According to the Directorate General of Commercial Intelligence and Statistics (DGCIS), India has imported pulses worth $2.47 billion for the period between April and November 2017 to meet its growing consumer demand. During financial year 2016-17, India had set a record in imported pulses at $4.24 billion, up from $3.90 billion the previous year.
“Pulses output during the kharif 2017 season is estimated at 8.71 million tonnes, slightly lower than last year’s level of 9.42 million tonnes. With increase in acreage and better seed distribution and agro climatic condition, we are estimating total acreage at 16-16.5 million hectares, due to which about 2.5-3 million tonnes of additional pulses during rabi 2017 season, which would be available for marketing in FY 2018-19. This means total pulses availability in India would be around 24-25 million tonnes, over and above nearly two million tonnes of buffer stock available with the Food Corporation of India (FCI). So, India does not need to import pulses. Some specific varieties might be compensated with exports of the varieties grown largely in India,” said a senior government official.
With a steady growth of 4-5 per cent, India requires around 24 million tonnes of pulses a year to fulfill its demand.
Data compiled by the Ministry of Agriculture showed total acreage under rabi pulses jumped by nearly 5 per cent to hit the highest ever at 16.31 million ha which works out to about 15 per cent more than the average of the past five years.

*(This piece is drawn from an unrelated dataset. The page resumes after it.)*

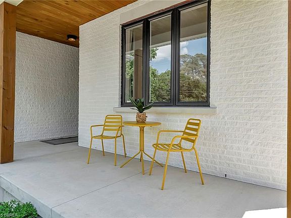 This newly built residence perfectly blends contemporary design, functional living, and luxurious finishes. With the potential for an in-law suite featuring a separate side entrance and heating, this home offers flexibility for multi-generational living or future expansion. The exterior impresses with a sleek combination of brick, hardboard, warm wood accents, and black trim details. The inviting covered front porch is the perfect spot to unwind and enjoy the neighbourhood. Step inside to a bright foyer with convenient access to the double garage, setting the tone for the sophisticated design throughout. Inside, you’ll find high-end fixtures, stylish finishes, and a modern colour palette flowing seamlessly from room to room. The chef-inspired kitchen is a true highlight—complete with smooth cabinetry, built-in appliances, quartz countertops, a large island, and plenty of storage. From here, walk out to the covered rear porch—ideal for outdoor dining or BBQ season. The open-concept main floor connects the kitchen, dining, and great room effortlessly. Floor-to-ceiling windows and custom built-ins create an inviting, light-filled space with views of the private backyard framed by mature trees. The primary suite offers a peaceful retreat with a spa-like 4-piece ensuite, featuring a freestanding tub and a glass-enclosed shower. Two additional bedrooms provide flexibility for guests, family, or a home office. Downstairs, the unfinished basement with a bathroom rough-in offers endless possibilities to create your dream rec room, gym, or secondary suite. Enjoy privacy, modern design, and everyday comfort in this thoughtfully crafted home—ready for you to move in and make it your own.

S Ganeshan, Advisor to Crop Care Federation of India (CCFI), said that looking at the lowest possible import of pulses from India this year, the Australian and Canadian governments have advised their farmers not to grow pulses this year. “We need to focus on market development before concentrating on boosting agricultural production,” he added.
India, however, has not yet developed any such an advisory system to make farmers aware of their realisation before they sow any crop. While many market forecasters pre-empt production and availability of any particular crop, they do not anticipate prices of farm produce. Even if they do make forecasts, they often prove wrong.
“India is set to attain self-sufficiency in pulses this year due to three primary factors: increase in acreage under rabi pulses, aggressive replacement and availability of quality seeds during peak sowing season, and better irrigation facilities this year. Earlier, many areas with potential to grow pulses had been left without sowing any crop. Since wheat is grown with increasing intensity of winter, semi-cold regions are left unsown with any rabi crop. This year, the government has encouraged famers to grow pulses in semi-cold regions like Madhya Pradesh and Maharashtra. This will result into higher pulses output this year,” said Vijay Sardana, an agriculture expert.
Apart from that, many pulses growing areas such as Latur and Marathwada have better irrigation facilities this year. As a result, there is potential for higher yield, which will help achieve higher production this year.
Importers like K C Bharatiya, however, see room for two million tonnes of import even with higher domestic production.